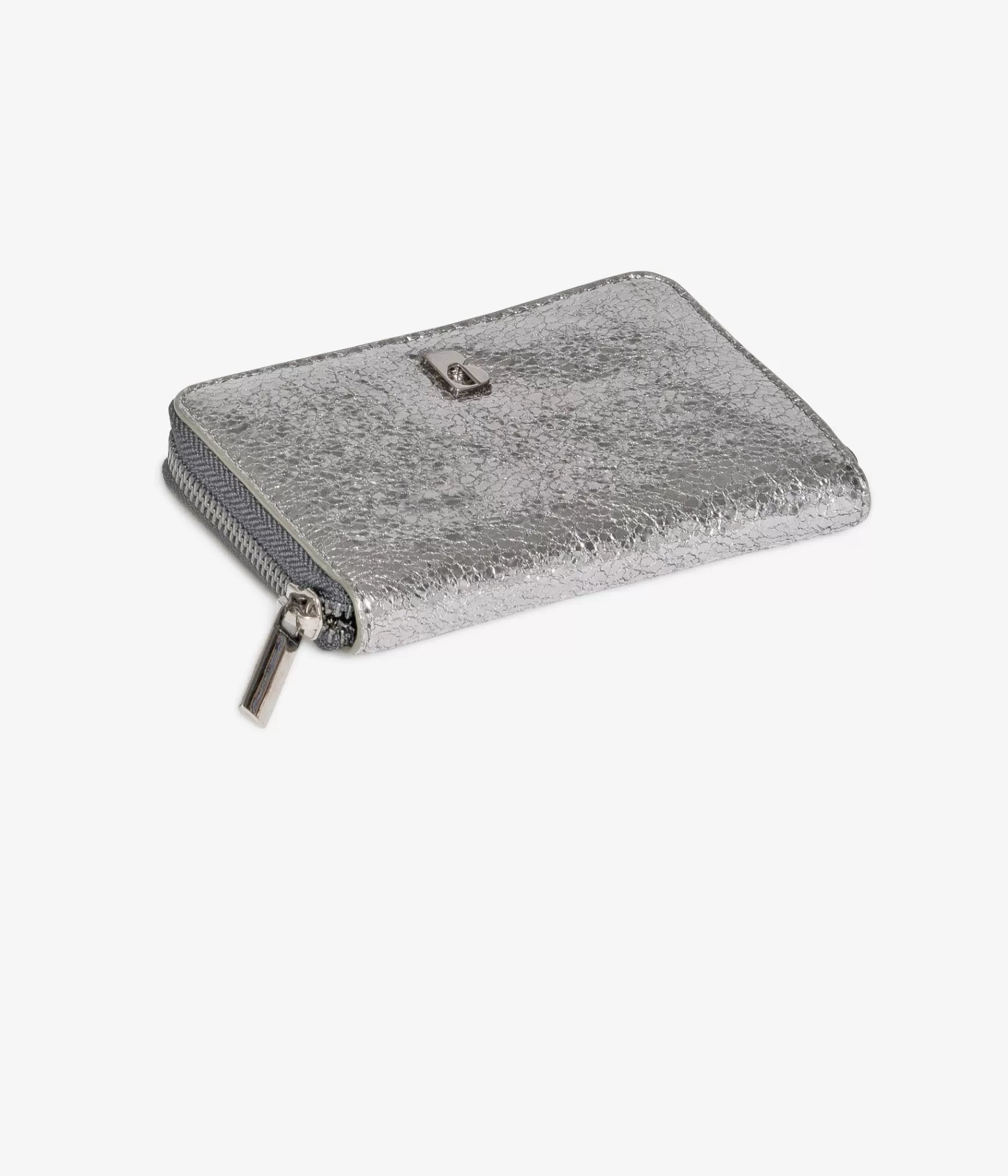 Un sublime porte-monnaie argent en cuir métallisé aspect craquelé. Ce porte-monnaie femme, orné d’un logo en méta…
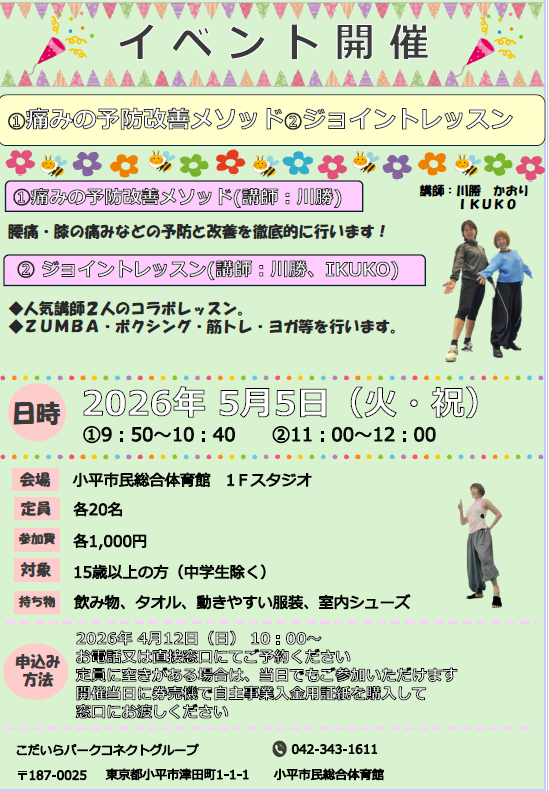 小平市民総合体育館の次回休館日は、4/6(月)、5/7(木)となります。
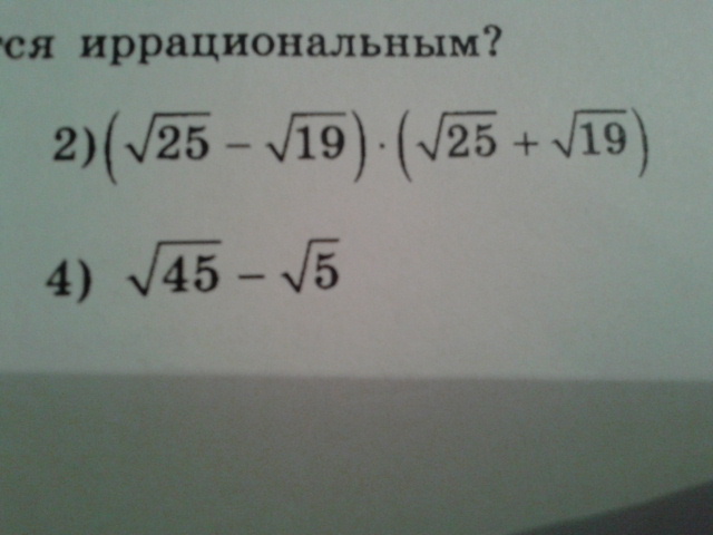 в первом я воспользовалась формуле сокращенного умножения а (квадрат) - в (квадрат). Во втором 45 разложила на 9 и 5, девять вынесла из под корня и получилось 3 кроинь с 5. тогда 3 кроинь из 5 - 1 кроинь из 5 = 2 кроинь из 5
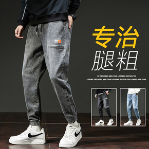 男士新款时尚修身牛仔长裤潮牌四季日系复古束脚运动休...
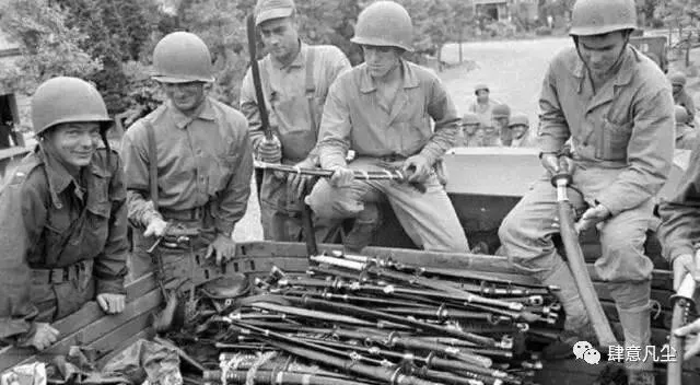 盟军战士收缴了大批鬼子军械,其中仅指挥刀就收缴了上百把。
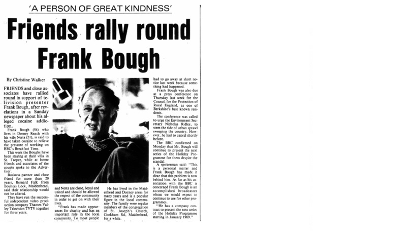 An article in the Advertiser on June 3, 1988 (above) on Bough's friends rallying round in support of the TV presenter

Required action
Looking at the records above, extract only the lines from the one with "男士新款时尚修身牛仔长裤潮牌四季日系复古束脚运动休..." through the last line, exactly, with the pictures left out.

Solution below
 男士新款时尚修身牛仔长裤潮牌四季日系复古束脚运动休...
 盟军战士收缴了大批鬼子军械,其中仅指挥刀就收缴了上百把。
 An article in the Advertiser on June 3, 1988 (above) on Bough's friends rallying round in support of the TV presenter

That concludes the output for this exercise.